We made both Noble and Red Muscadine wine in October. I still have the Noble aging in the carboy. I did take a blend 4 red to 1 noble and IMHO it was outstanding. I think my Red Muscadine could have used to be a tad sweeter, but we'll see what age does for it. I've only drank/given away 8 bottles of the noble/red blend and the red. I haven't bottled the Noble. It is at 1.15 now.


----------



## DavidB

honestly, I think its a matter of personal taste. No one grape can be proclaimed as superior over the other because it's what You think. 

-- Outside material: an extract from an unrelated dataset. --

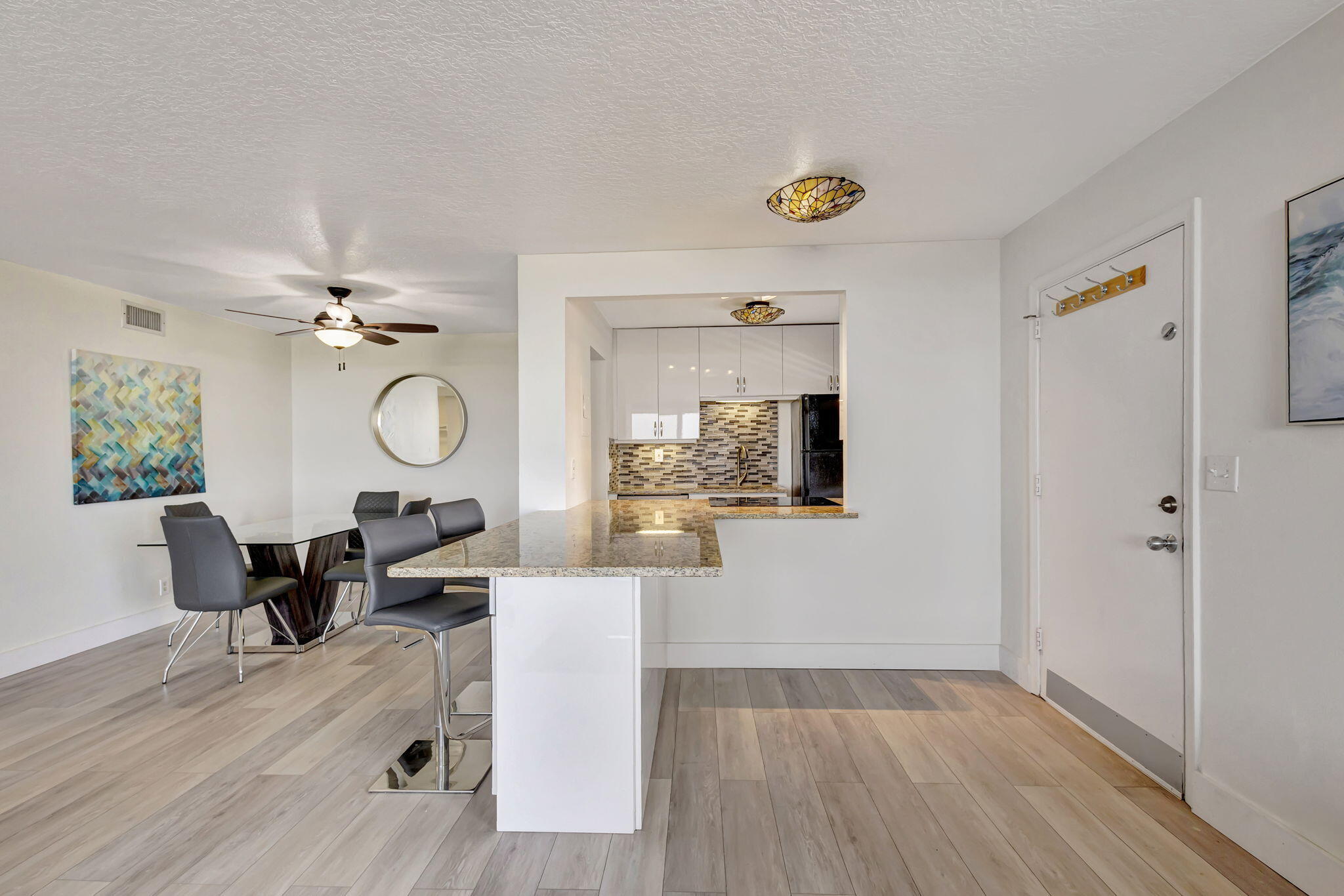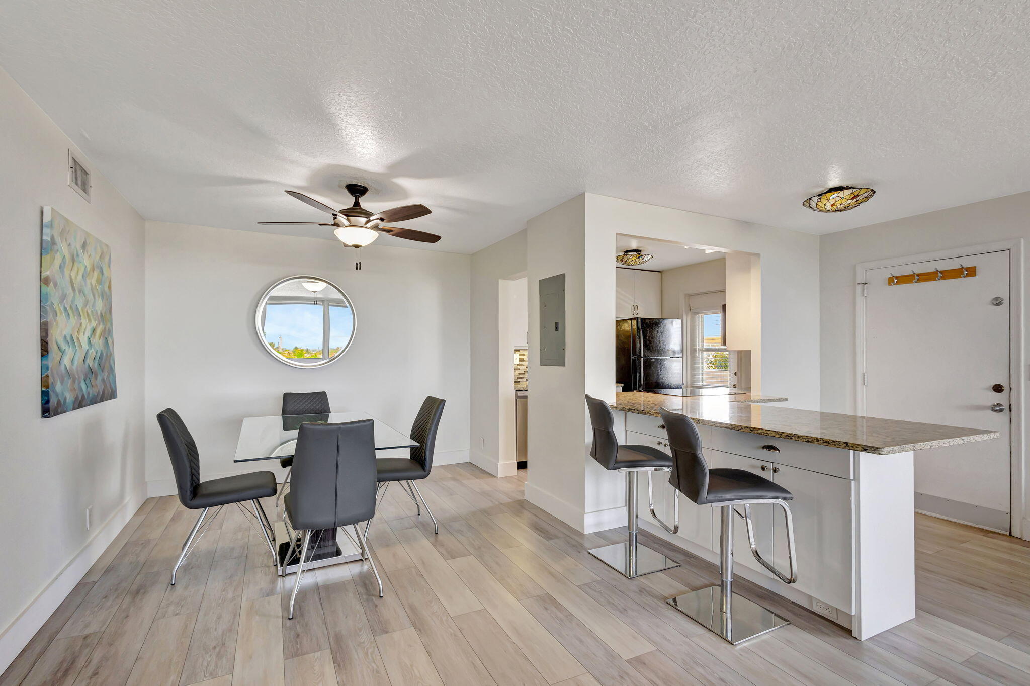 IMMEDIATE INCOME OPPORTURNITY! Well Priced and rented for season. 2-Bed, 2-Bath Furnished Condo on Singer Island - Steps from the Ocean! This updated unit in Villa Towers offers a beachside lifestyle, with fresh paint and wood-look vinyl flooring that flows seamlessly throughout. Move-in ready condition. Located on a desirable stretch of beach, this well-maintained building offers a variety of amenities, including a pool, sauna, fitness area, billiard room, shared laundry - 4 units each floor, a resident lounge with library and climate-controlled storage. Premier shopping, dining & entertainment are just 15 mins away. 25 mins to PBI airport.
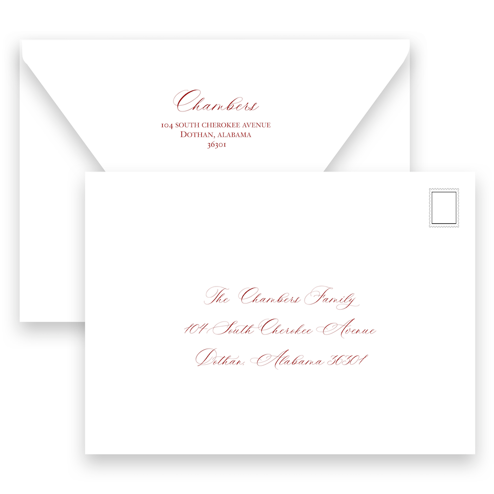 • Envelopes are included with your purchase and will match the paper of your printed product; euro flap envelopes, coordinating liners, gift tags, return and front addressing are available for purchase

I have both pure Noble and a mix of reds with nobles. For me, the pure Noble (made at home) is the ticket. The commercial wines of this variety are watered down too much which really affects the flavor of the wine. The home made Noble wine is more concentrated and to me the best of all.

Either way, you cannot go wrong with the muscadine....No matter what the variety.


----------



## Julie

I have to agree on the Noble. This wine has a great mouth feel and full of flavor. It is really hard to compare this to Carlos. I have had Carolos and it is a great wine but it is a white wine where the Noble is a red wine, you really can not compare the two of them.


----------



## e-wine

I believe the wine that won the saddle at the 2009 Houston Rodeo for the best Texas wine (including vinifera varieties) was made with Magnolia.

e-wine


----------



## bdcl1977

Morris Vineyard, in Tennessee, produces over twenty-eight different varieties of Muscadines. This may be another source for Muscadines for some of you.

www.morrisvineyard.com

Jim


----------



## fifthhorsm

i always used wild muscadines.... from what i've tried they have alot more flavor than any of the domesticated strains.
mike


----------



## e-wine

Mike,

Do you know which type(s) you are using? We have a batch made with a wild grape they refer to as Mustang grape. It's a red grape. From what we've done and from what we've read, the brix level is not very high and the grape is very acidic. We've talked to others who have made wine from this grape with good results but ours is not ready yet. We started it last year and it is still in-process. I followed Keller's recipe for a sweet version but I will modify it this year so that we can back sweetened. The wine is still fermenting after about eleven months which kinda concerns me. I don't plan to bottle it for at least another six months at the soonest.

e-wine


----------



## Julie

e-wine said:


> Mike,
> 
> Do you know which type(s) you are using? We have a batch made with a wild grape they refer to as Mustang grape. It's a red grape. From what we've done and from what we've read, the brix level is not very high and the grape is very acidic. We've talked to others who have made wine from this grape with good results but ours is not ready yet. We started it last year and it is still in-process. I followed Keller's recipe for a sweet version but I will modify it this year so that we can back sweetened. The wine is still fermenting after about eleven months which kinda concerns me. I don't plan to bottle it for at least another six months at the soonest.
> 
> e-wine



e-wine,

11 months does not sound right. have you been taking any readings. this just might be gas. over the next week or two take readings to see if it is moving or not.


----------



## fifthhorsm

e-wine,
these i used were a very large purple, some about the size of a ping pong ball. they were very sweet and had probably grown on this location for over a hundred years. they were awful to try and pick as most were 20 feet up in the trees.
as to your wine taking so long.... whats the temp. if it's in a cool place fermentation can take far longer than that. smell and taste it... that will tell you more than a dozen different tests will.
mike


----------



## ffemt128

e-wine said:


> Mike,
> 
> Do you know which type(s) you are using? We have a batch made with a wild grape they refer to as Mustang grape. It's a red grape. From what we've done and from what we've read, the brix level is not very high and the grape is very acidic. We've talked to others who have made wine from this grape with good results but ours is not ready yet. We started it last year and it is still in-process. I followed Keller's recipe for a sweet version but I will modify it this year so that we can back sweetened. The wine is still fermenting after about eleven months which kinda concerns me. I don't plan to bottle it for at least another six months at the soonest.
> 
> e-wine





Julie said:


> e-wine,
> 
> 11 months does not sound right. have you been taking any readings. this just might be gas. over the next week or two take readings to see if it is moving or not.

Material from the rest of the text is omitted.